File taxi_data/yellow_tripdata_2022-10.parquet not existed, skip this file.
File taxi_data/yellow_tripdata_2022-11.parquet not existed, skip this file.
File taxi_data/yellow_tripdata_2022-12.parquet not existed, skip this file.


### Downloading Weather Data

In [19]:
def get_weather_data(start: int = 2005, end: int = 2022) -> None:
    '''download weather data to local file

    Keyword arguments:
    start -- start year (default = 2005)
    end -- end year (default = 2022)
    
    '''
    for year in tqdm(range(start, end + 1), ncols=120, desc='downloading weather data'):
        path = Path('weather_data', str(year) + '.csv')
        
        if path.exists():
            # already downloaded, skip this file
            continue
            
        # not downloaded yet, download now
        data = pd.read_csv(WEATHER_URL.format(year))
        
        data.to_csv(path)

In [20]:
get_weather_data()

downloading weather data: 100%|███████████████████████████████████████████████████████| 18/18 [00:00<00:00, 2270.74it/s]

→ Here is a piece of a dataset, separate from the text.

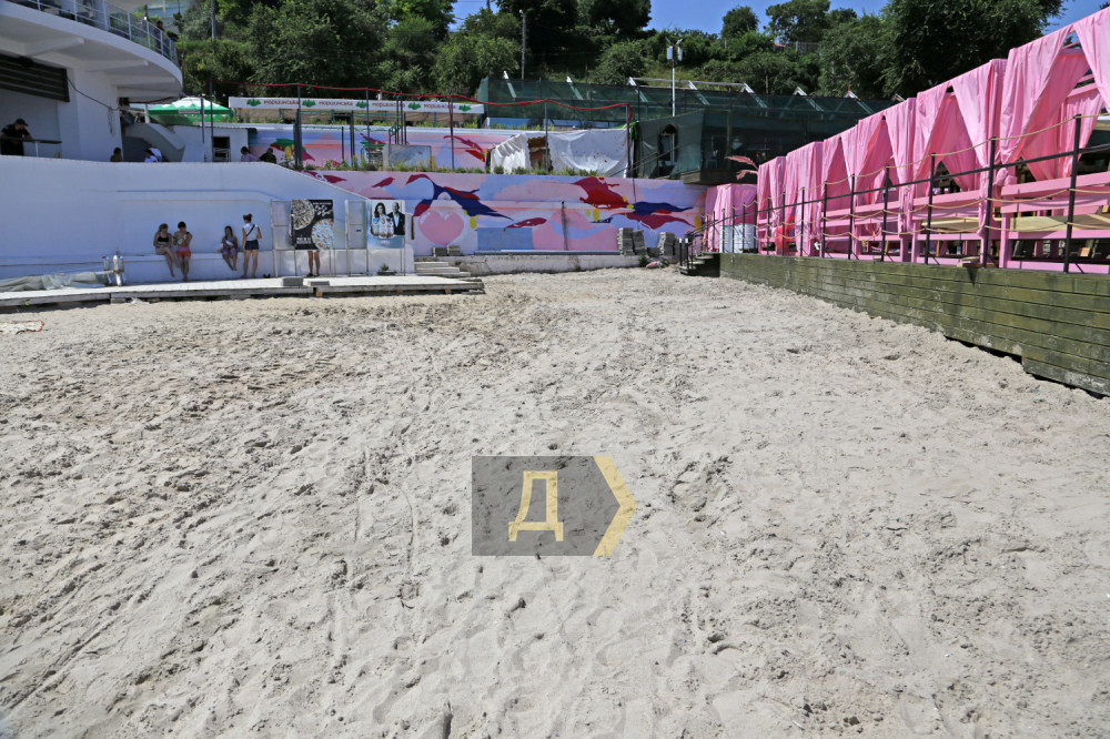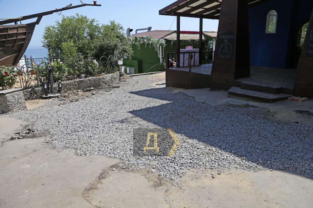 Кое-где сошел асфальт, но его заменили щебнем, образовавшиеся провалы огородили щитами, а грязный песок заменили на свежий.

### Processing Weather Data


the weather data contains the following:

* HourlyPrecipitation: contains numbers, strings of numbers (such as '0.12s'), NaNs, and 'T'. Need to convert 'T' to 0.0, use regex to extract the numbers, and treat non-number-strings as NaNs

* HourlyWindSpeep: contains numbers, NaNs

* HourlyDryBuldTemperature: contains numbers, strings of numbers (such as '52.0'), NaNs, and strings of numbers and other chars (such as '81s'). Need to first use regex to extract the numbers, and treat non-number-strings as NaNs

* HourlyVisibility: same as HourlyDryBuldTemperature

* NaNs policy: sort ascendingly on time, and fill all NaNs with precedent observations (method='ffill')

In [21]:
def normalize_weather_data(x: Union[str, int, float]) -> float:
    '''return normalized data; if data does not exist, return NaN

    Keyword arguments:
    x -- the value we wish to normalize
    
    '''
    # conver to string
    x = str(x)
    
    # find all the integers and floats
    x = re.findall('[\d|\.]+', x) 
    
    if len(x) >= 1:
        return float(x[0])
    else:
        # find no numbers
        return np.nan

In [22]:
def clean_month_weather_data_hourly(data: pd.DataFrame) -> pd.DataFrame:
    '''return the cleaned hourly weather data

    Keyword argument:
    data -- the dataframe we wish to clean
    
    '''
    # select necessary columns
    data = data[['DATE', 'LATITUDE', 'LONGITUDE', 
                 'HourlyDryBulbTemperature', 'HourlyPrecipitation', 
                 'HourlyVisibility', 'HourlyWindSpeed']]
    
    # drop entries which are all NaNs
    # since 'DATE', 'LATITUDE', 'LONGITUDE' has no NaNs, we don't need to consider them when drop NaNs
    data = data.set_index(['DATE', 'LATITUDE', 'LONGITUDE']).dropna(how='all').reset_index()
    
    # convert time to datetime
    data['DATE'] = pd.to_datetime(data['DATE'])
    
    data['HourlyPrecipitation'] = data['HourlyPrecipitation'].apply(lambda x: 0. if x == 'T' else x)
    data['HourlyPrecipitation'] = data['HourlyPrecipitation'].apply(normalize_weather_data)
    data['HourlyWindSpeed'] = data['HourlyWindSpeed'].apply(float)
    data['HourlyDryBulbTemperature'] = data['HourlyDryBulbTemperature'].apply(normalize_weather_data)
    data['HourlyVisibility'] = data['HourlyVisibility'].apply(normalize_weather_data)
    
    data.columns = ['datetime', 'latitude', 'longitude', 'temperature', 'precipitation', 'visibility', 'wind_speed']
    
    data = data.sort_values('datetime')
    data = data.fillna(method='ffill')
    
    return data


In [23]:
def clean_weather_data_daily(data: pd.DataFrame) -> pd.DataFrame:
    '''return the cleaned daily weather data

    Keyword argument:
    data -- the (hourly) dataframe we wish to group up and clean
    
    '''
    # the method applied while grouping by day for each column
    group_method = {
        'temperature': 'mean',
        'precipitation': 'sum',
        'visibility': 'mean',
        'wind_speed': 'mean',
    }
    
    daily_data = data.resample('D', on='datetime').agg(group_method)
    
    daily_data.insert(0, 'latitude', data['latitude'].iloc[0])
    daily_data.insert(1, 'longitude', data['longitude'].iloc[0])
    
    daily_data = daily_data.reset_index()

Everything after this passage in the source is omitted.